2.5 Docker integrating with YARN in resource management

YARN acts as a uniform resource manager in the cluster, and is responsible for resource management on all machines. Docker as a container engine also has the function of resource management. So how to integrate their resource management function is particularly important.

In YARN, the user task can only run in the YARN container, while Docker container can only be handled by Docker engine. This case would get out of the management of YARN and damage the unified management and scheduling principle of YARN, which could produce resource leaks risk issue. In order to enable YARN to manage and schedule Docker container, we need to build a proxy layer between YARN and Docker engine. This is why Docker Proxy is introduced. Through Voidbox Proxy, YARN can manage the container lifecycle including start, stop, etc.

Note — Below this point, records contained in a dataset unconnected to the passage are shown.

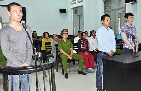 Bị cáo Lê Tấn Khỏe (bìa trái)và hai cựu công an viên Lê Ngọc Tâm, Lê Minh Phát tại phiên tòa phúc thẩm ngày 21-7. Ảnh: TẤN LỘC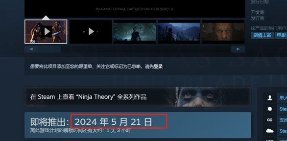 地狱之刃2塞娜的史诗的发售时间是2024年5月21日下午的16点,赶紧去准备购买开玩吧。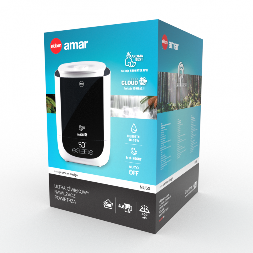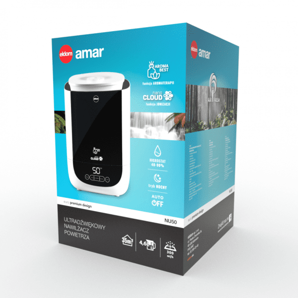 Ултразвуковия овлажнител NU50 е перфектната добавка за вашия дом! Създайте комфортна и здравословна среда с този модерен овлажнител, благодарение на който се намаляват бактериите във въздуха, а функцията за ароматерапия добавя нотка релакс към вашето ежедневие. Със своя капацитет и висока производителност осигурява оптимална влажност (40%-90%) за всяко пространство. Интуитивният LCD дисплей и сензорът за влажност правят управлението лесно и прецизно. Вземете контрол върху въздуха около вас!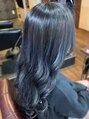 大人気のバレイヤージュ!寒色系のくすみブルーで大人可愛い暗髪に!バレイヤージュとはハイライトとグラデーションを組み合わせたことです。かなりブリーチ範囲が広いのでイメチェンになり透明感のある色を楽しめます^_^ブルーが落ちるとシルバーになります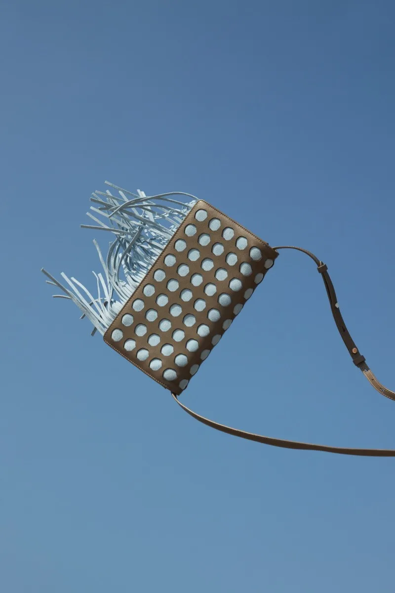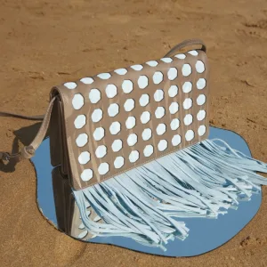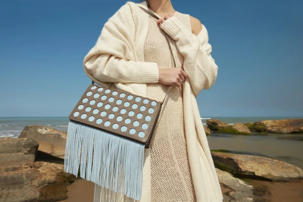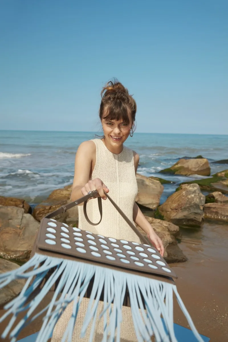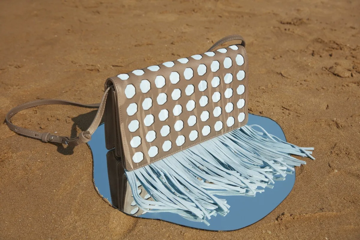 Icon-shaped laser cuts. Horizontal rectangular geometric figure. Short tasseled, hippie style. Large interior volume.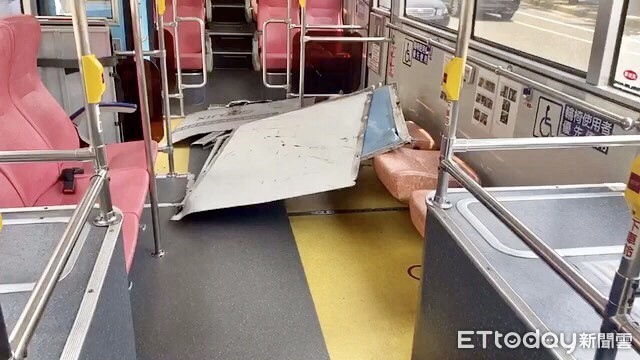 ▲公車司機疑恍神衝撞路邊轎車。(圖/記者郭世賢翻攝,下同)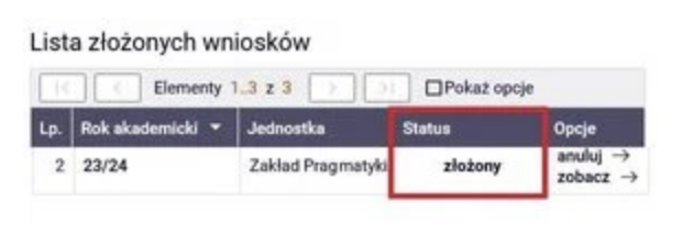 Wygląd złożonego wniosku w USOSweb.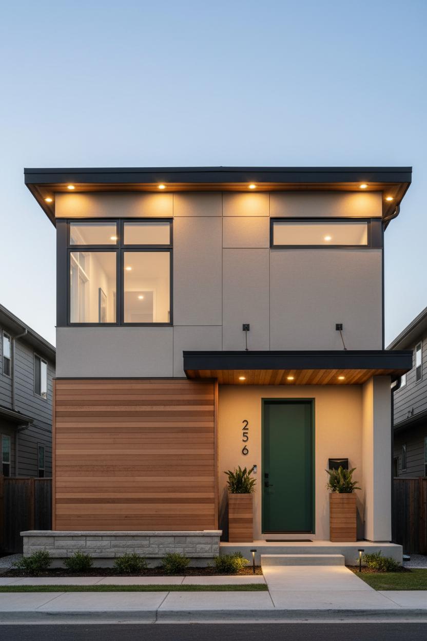 Finish with lighting and small-but-mighty details that photograph beautifully. Exterior wall lights that wash the siding, landscape pathway lights that trace the walk, and a glow at the soffits outline the architecture after dusk. Swap in modern house numbers scaled to your entry, choose front door hardware with simple geometry, and align your mailbox and doorbell so they look intentional, not accidental. Frame the doorway with planters that match your cladding tones, and keep sightlines clean—hide bins, route cables neatly, and let the address and lighting be the jewelry. Thoughtful layers like these elevate even modest footprints, proving that with smart proportions, edited lines, and tactile materials, a modern elevation can turn any home’s front facade design into a welcoming moment.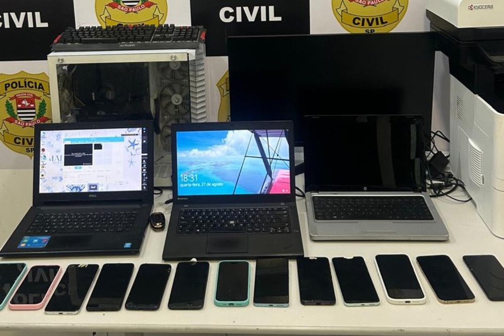 Além do carro, os policiais apreenderam 14 celulares, um computador, um monitor e três notebooks, que serão periciados. O caso foi registrado como cumprimento de mandado de busca e apreensão, estelionato, organização criminosa e apreensão de veículo na DIG de Praia Grande, onde segue sob investigação.

In order to understand Voidbox Proxy more clearly, we take stopping Voidbox application as an example. When a user needs to kill Voidbox application, YARN will recycle all the resources of the application. At this point, YARN will send a kill signal to the related machines. The corresponding Voidbox Proxy will catch the kill signal, then stop Docker container in Docker engine to do the resource recycling. So with the help of Voidbox Proxy, it can not only stop YARN container, but also stop the Docker container to avoid resources leaks issue(This is the problem existing in open source version, see YARN-1964).

3. Fault Tolerance

Although Docker has some stable releases, the enterprise production environment has a variety versions of operating system or kernel, so it brings unstable factors. We consider multiple levels in Voidbox fault-tolerant design to ensure Voidbox’s high availability.

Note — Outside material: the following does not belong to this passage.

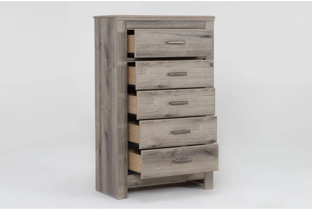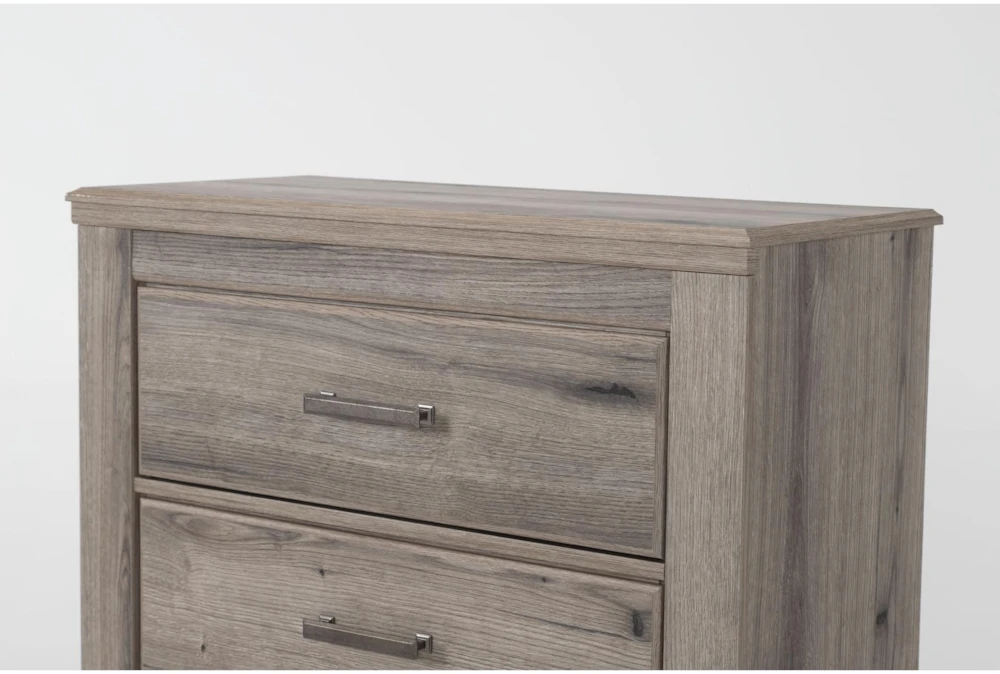 All the rustic vibes are coming at you, courtesy of our Jeraco Grey collection, which boasts rugged appeal and natural character that will enrich your bedroom. It’s easy to create a warm, cozy retreat with these pieces, which charm with a unique grey finish. Clean lines and sleek hardware keep the look simple and versatile, while storage features and a nightstand with USB ports provide function and ease.

  • Voidbox Master fault tolerance

    • If Resource Manager finds Voidbox Master crashes, it will notify NodeManager to recycle all the YARN containers belonging to this Voidbox application, then restart Voidbox Master.
  • Voidbox Proxy fault tolerance
    • If Voidbox Master finds Voidbox Proxy crashes, it will recycle Docker containers on behalf of Voidbox Proxy.
  • Docker container fault tolerance
    • Each Voidbox application can configure the maximum retry times on failure, when the Docker container crashes, Voidbox Master will do some work according to the exit code of Docker container.

4. Programming model

4.1 DAG Programming model

Voidbox Provides Docker container-based DAG programming model. A sample would look similar to this:

Figure 5. Docker container-based DAG programming model

As shown in figure 5, there are four jobs in this Voidbox application, and each job can configure its requirements of CPU, Memory, Docker image, parallelism and so on. Job3 will start when job1 and job2 both complete. Job1, job2 and job3 make a stage, so user can insert their codes after this stage is done, and finally start running job4.

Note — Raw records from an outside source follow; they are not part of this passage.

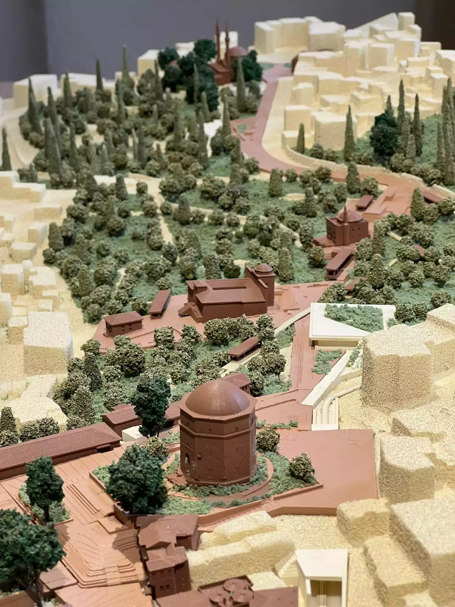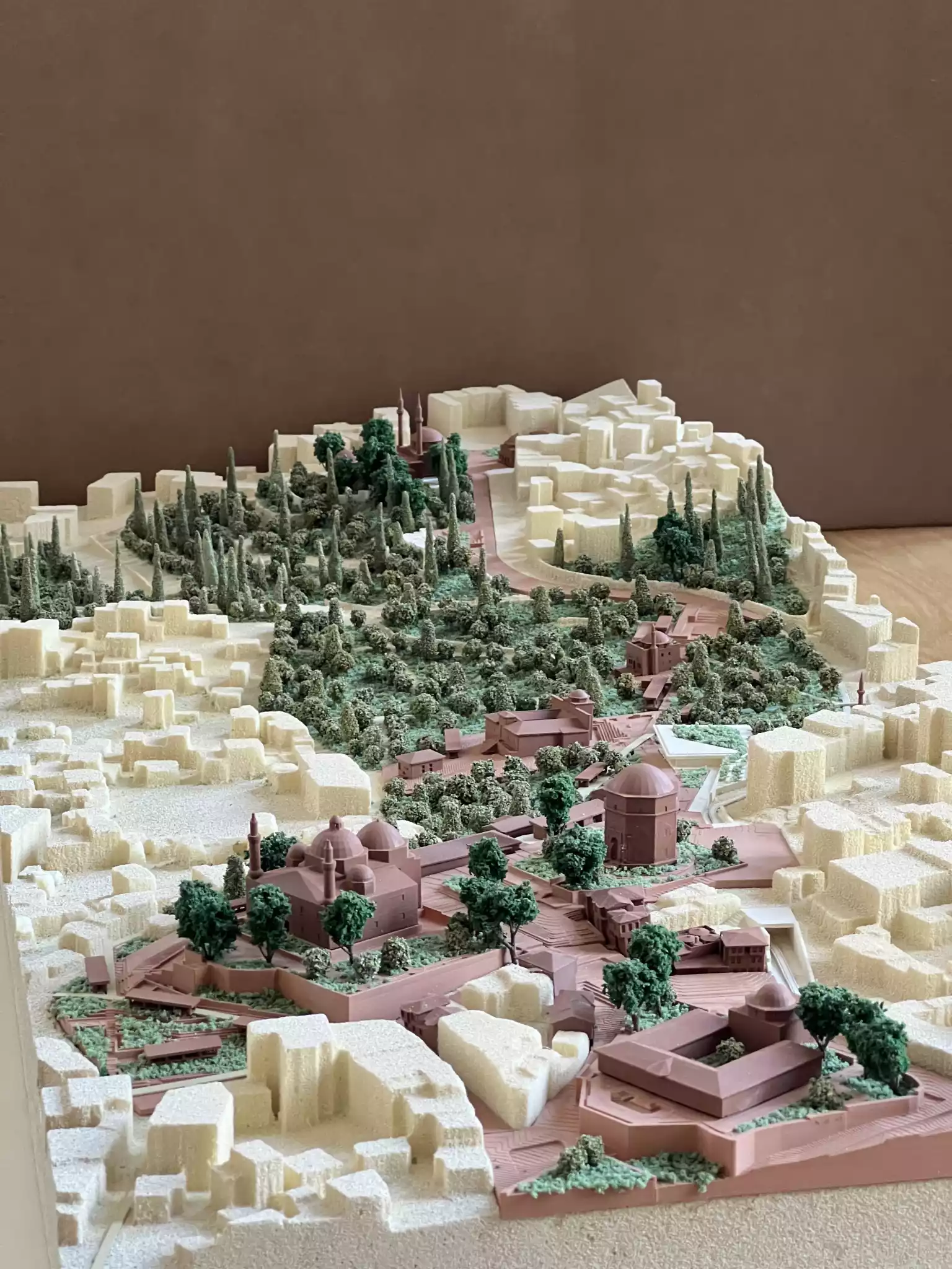 Emirsultan Camii’ne çıkan tarihi rampayı, döşeme değişikliği önererek bir “anlatı yolu”na dönüştürdük. Bu yolun kenarında yer alan üçgen alanda, yol açılması sırasında yıkılan Cezeri Medresesi ve diğer tarihi yapıların duvar ve izlerini içeren bir “anı bahçesi” tasarladık. Bu bahçede, mevsimsel renk, vurgu ve hafif koku sağlayan Cercis siliquastrum (Erguvan), Cornus mas (Kızılcık) ve Prunus dulcis (Badem) gibi temsil bitkilerine yer verdik.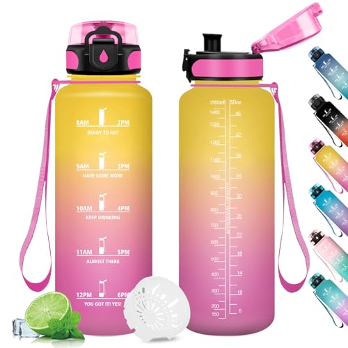1,5 l motiverande vattenflaska med filter, återanvändbar flaska, sportflaska med motiverande tidsindikator, vattenflaska för sport, gym, skola, gym, fitness, yoga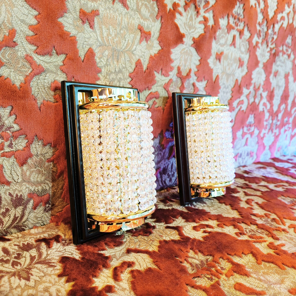 - 特価 訳有品壁掛シャンデリア2個セット木枠土台付き ゴールドメッキ金華山サロンバス男の城トラック部品観光バス デコトラ 車内照明C8682S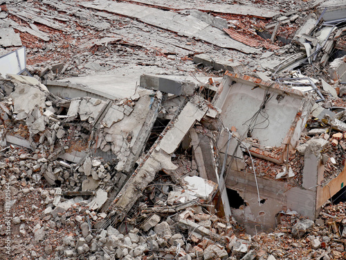 Building under demolition: reinforced concrete and wet debris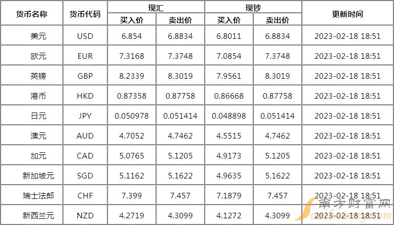 2023年2月17日银行间外汇市场人民币汇率中间价为:1美元对人民币6.8659元,1欧元对人民币7.3193元,100日元对人民币5.1189元,1港元对人民币0.87474元,1英镑对人民币8.2199元,1澳大利亚元对人民币4.7126元,1新西兰元对人民币4.2881元,1新加坡元对人民币5.1342元,1瑞士法郎对人民币7.4068元,1加拿大元对人民币5.0974元,人民币1元对0.64262马来西亚林吉特,人民币1元对10.8944俄罗斯卢布,人民币1元对2.6443南非兰特,人民币1元对187.82韩元,人民币1元对0.53503阿联酋迪拉姆,人民币1元对0.54635沙特里亚尔,人民币1元对52.4300匈牙利福林,人民币1元对0.65170波兰兹罗提,人民币1元对1.0175丹麦克朗,人民币1元对1.5231瑞典克朗,人民币1元对1.4952挪威克朗,人民币1元对2.74684土耳其里拉,人民币1元对2.7015墨西哥比索,人民币1元对5.0096泰铢。

4.2 Shell mode to submit one task

In most cases, we would like to run a single Docker container-based task without programming. So Voidbox supports shell mode to describe and submit the Docker container-based task, actually it’s a implementation based on DAG programming mode.The example usage of Voidbox in shell mode:

docker-submit.sh \

-docker_image centos \

-shell_command “echo Hello Voidbox” \

-container_memory 1000 \

-cpu_shares 2

The shell script above will submit a task to run “echo Hello Voidbox” in a docker image named ‘centos’, and the resource requirement is 1000Mb memory, 2 cpu virtual cores. 

5. Voidbox in Action

At present we can run Docker, MapReduce, Spark and other applications in YARN cluster. There has been lots of short tasks using Voidbox within HULU.

  • Automation testing process

    • Cooperating with Jenkins, GitLab and private Docker registry, when the application codes update, Jenkins will complete automatic test, package program, regenerate Docker image and push it to the private Docker Registry. It’s a process of development, testing and automatically release.
  • Complex tasks in parallel
    • Test Framework is used to do some testings to detect the availability of some components. The project is implemented by Ruby/Java and has complex dependencies. So we maintain two layers of Docker image, the first layer is the system software as a base image, and the second layer is the business level. We publish a test framework Docker image and use some timing scheduling software to start Voidbox application regularly. Thanks to Voidbox, we solve the issues such as the complex dependencies and the multitasking parallelism.
    • Facematch(link:http://tech.hulu.com/blog/2014/05/03/face-match-system-overview/) is a video analysis application. It’s implemented by C and has lots of graphics libraries. That can be optimized by Voidbox: first of all we need to package all face match program into a Docker image, then write Voidbox application to handle the multiple videos. Voidbox solves the complex machine environment and the parallelism control problem.
  • Building complex workflow
    • Some tasks have a dependent with each other, such as it needs to load user behaviors first, then do the analysis of user behaviors. These two steps have successively dependencies. We use Voidbox container-based programming model to handle this case easily.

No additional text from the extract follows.